Office Visits, Telehealth, Urgent Care, or ER?

Your health is the most valuable asset you have and it’s important to take care of it. However, we all need different levels of care at different times. It can be confusing to know when you should visit your primary care doctor or urgent care clinic, and when it’s time to go to an emergency room (ER). Knowing the differences can help you get the right care at the right time, while helping you manage costs.

Office visits with a Primary Care Provider (PCP)

It’s best to make an in-person appointment with your primary care physician (PCP) when you’re due for your annual check-up or preventive wellness visit, when you need to update a prescription or have a non-urgent medical inquiry.

Your PCP manages your general care and knows your health history and is meant to be your healthcare guide, advocate, and educator.

Telehealth visits

Telehealth visits have become increasingly popular due to their convenience; you can get quality care and medical advice from the comfort of your own home. Telehealth visits are ideal for times when you’ve had a stuffy nose or scratchy throat that doesn’t quite limit you from your daily activities but hasn’t gone away after several days.

Telehealth visits with a doctor are generally less expensive than an in-person visit. For example, the average cost for a telehealth visit for a sinus infection or bronchitis was $79, compared to $146 for an in-person visit.[1]

Urgent care / Walk-in clinic

There may be times when you need to see a doctor, but you can’t get an appointment with your primary care doctor for a few weeks. Enter urgent care. Urgent care centers are a good choice when you have an immediate health need that doesn’t require emergency care. For example, if you:

    • Have a mild or moderate fever that isn’t breaking
    • Are experiencing nausea or vomiting
    • Have strained a muscle or have a simple bone break.

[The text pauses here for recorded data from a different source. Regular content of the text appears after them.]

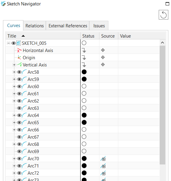 The Sketch Navigator is an excellent tool for viewing sketch geometry, relations and dimensions in a detailed, hierarchical tree. This navigator consists of four primary tabs: Curves, Relations, External References and Issues.
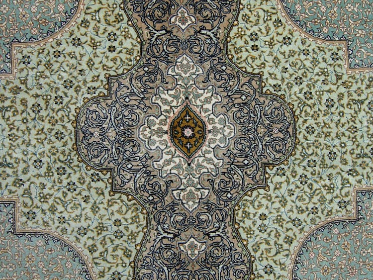This is the center of 400lines silk rug 4z94141. The main color is green. Flowers and Arabic vines are scattering in the central medallion.
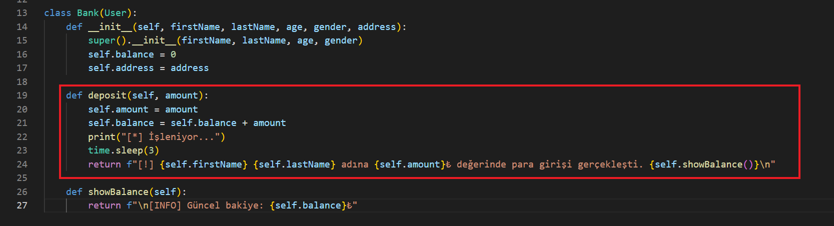 Sonrasında print(mainUser.deposit(1200)) kodunu yazdım. Bu noktada deposit yani para yatırma metodunu mainUser için çalıştırıyorum. İçerisine verdiğim 1200 değeri ise, metodu tanımlarken verdiğimiz amount argümanından kaynaklanıyor. Bu kod ile ben, hesabıma 1200₺ yatırdım.
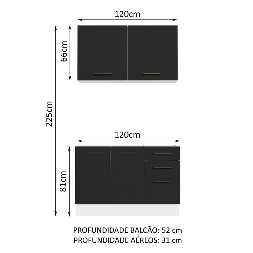 Armário de Cozinha Compacta 120cm Branco/Preto Agata Madesa 01
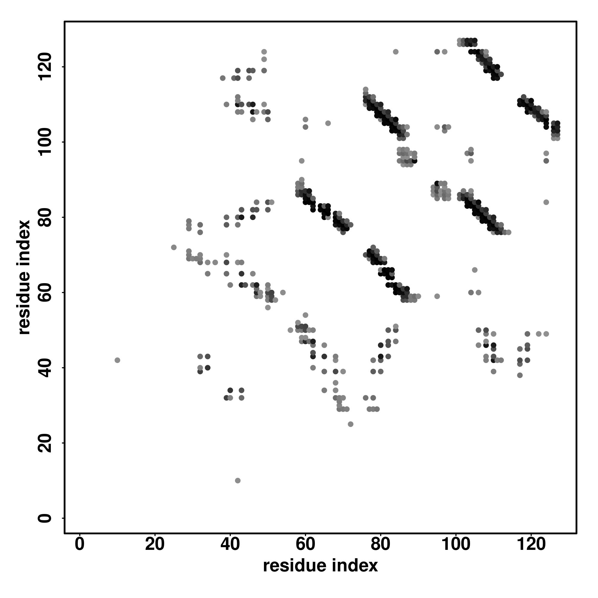 For the contact map, each dot represents a residue pair with predicted contact,
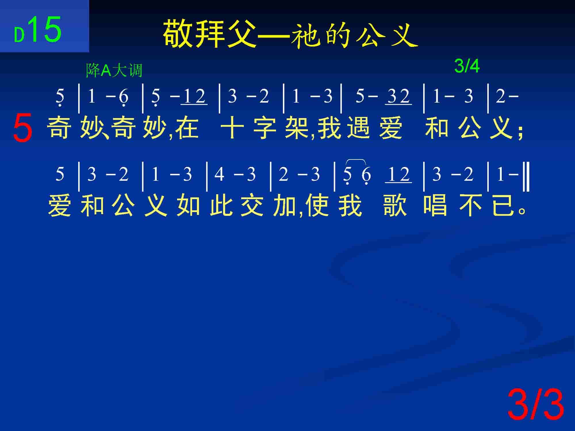 奇妙、奇妙,在十字架,我遇爱和公义;爱和公义如此交加,使我歌唱不已。
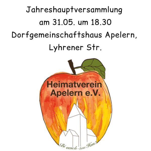 Der Heimatverein Apelern lädt zur JHV ein. Um Anmeldung bei den beiden Vorsitzenden wird gebeten. (Kontakt im Link) Änderungen zur Tagesordnung können noch bis zum 24.5. eingereicht werden. Alle Details zur Veranstaltung hier auf der Seite des Heimatvereins: https://www.heimatverein-apelern.de/…/jahreshauptversa…/ #zusammengehtmehr #zusammenhalt #igapelern #apelern #jahreshauptversammlung #einladung #gemeinsam #jhv #termine #vereinsleben #soldorf #lyhren #reinsdorf #gemeinschaft #kleinhegesdorf #großhegesdorf…

Urgent care clinics provide many services, tests and treatments that a primary care physician’s office offers. They also tend to have longer hours and openings on evenings and weekends. However, this convenience tends to come with a higher price tag than your doctor’s office.

The average cost for an urgent care visit may range between $100 to $200 depending on your copay or clinic costs. This doesn’t include the use of medical equipment for diagnosis and treatment and prescription medications, which may increase your overall visit bill.

Emergency care costs

Emergency rooms are open 24 hours a day, 365 days a year, and offer skilled staff and technology to treat severe, acute or chronic illnesses or injuries. Emergency rooms also have advanced capabilities to test for and treat more complex health issues.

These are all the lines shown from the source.